По всем данным Судержицкий – последний человек, кого можно привлечь к опытам К. С. с символизмом.
«Представьте себе маленького человечка с коротенькими ногами, с крепким телосложением, с большой физической силой, с красивым одухотворенным, всегда оживленным лицом, с ясными, смеющимися глазами, с изящными губами, усиками и бородкой à la Henri Quatre»[42]. Жизненный опыт бурлака, матроса, служба у черта на рогах. Отличные умелые руки – любую крестьянскую работу может. Лев Толстой знал, кого просить, чтоб взялся за переселение мужиков-духоборов, Сулержицкий и через океан их сопроводит в Канаду (знает английский), и там поможет обжиться. Сам освоить может любое дело, в Художественном театре образцово наладит осветительную часть. Большой навык ухода за больными, на русско-японскую войну предлагает себя санитаром. Когда в 1910 году К. С. летом заболеет тифом и воспалением легких, Сулер в Кисловодск приедет и тяжело больного выходит.

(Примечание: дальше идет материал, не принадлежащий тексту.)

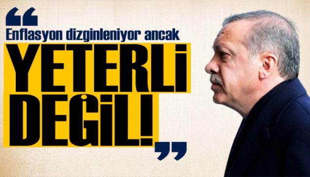 Enflasyonla mücadeleye yönelik de mesajlar veren Erdoğan, "Enflasyonla mücadelede kayda değer mesafe aldık. Enflasyon yavaş yavaş dizginlenmeye başladı ancak düşüş yeterli değil. Biraz daha sabredecek ve çok daha güzel neticeleri göreceğiz" dedi.

Если заглянуть в паспорт – «житомирский мещанин».
То есть ни малейшей предрасположенности к «измам».
Выбор Станиславского между тем безошибочен. Сулержицкий – тот именно человек, который нужен, если твоя цель – дать работать самой природе, создать условия для природы. Станиславскому верится, что способность к творчеству у человека врожденная. Но нам мешают, и мы сами себе мешаем. Мы вымогаем у своей творческой природы ей чужое, заставляем ее врать. Она спасается от лжи и насилия.
Вся не вполне оседлая деятельность доброго человека Сулержицкого только к тому и направлена: чтоб не было насилия. Чтоб вообще в жизни – не только на сцене – не только началу сверхсознательному, но вообще лучшему в человеке – не таиться, не спасаться.
Вот на этом К. С. и Сулер сходились.
Такой человек был нужен всячески.
Место этому человеку казалось таким очевидным, что не озаботились оформить его должность ни в МХТ сперва, ни потом в студии.
«Сюжет Сулера» в деловых бумагах еле закреплен. Так же еле закреплен в бумагах сюжет их с К. С. студии от его завязки.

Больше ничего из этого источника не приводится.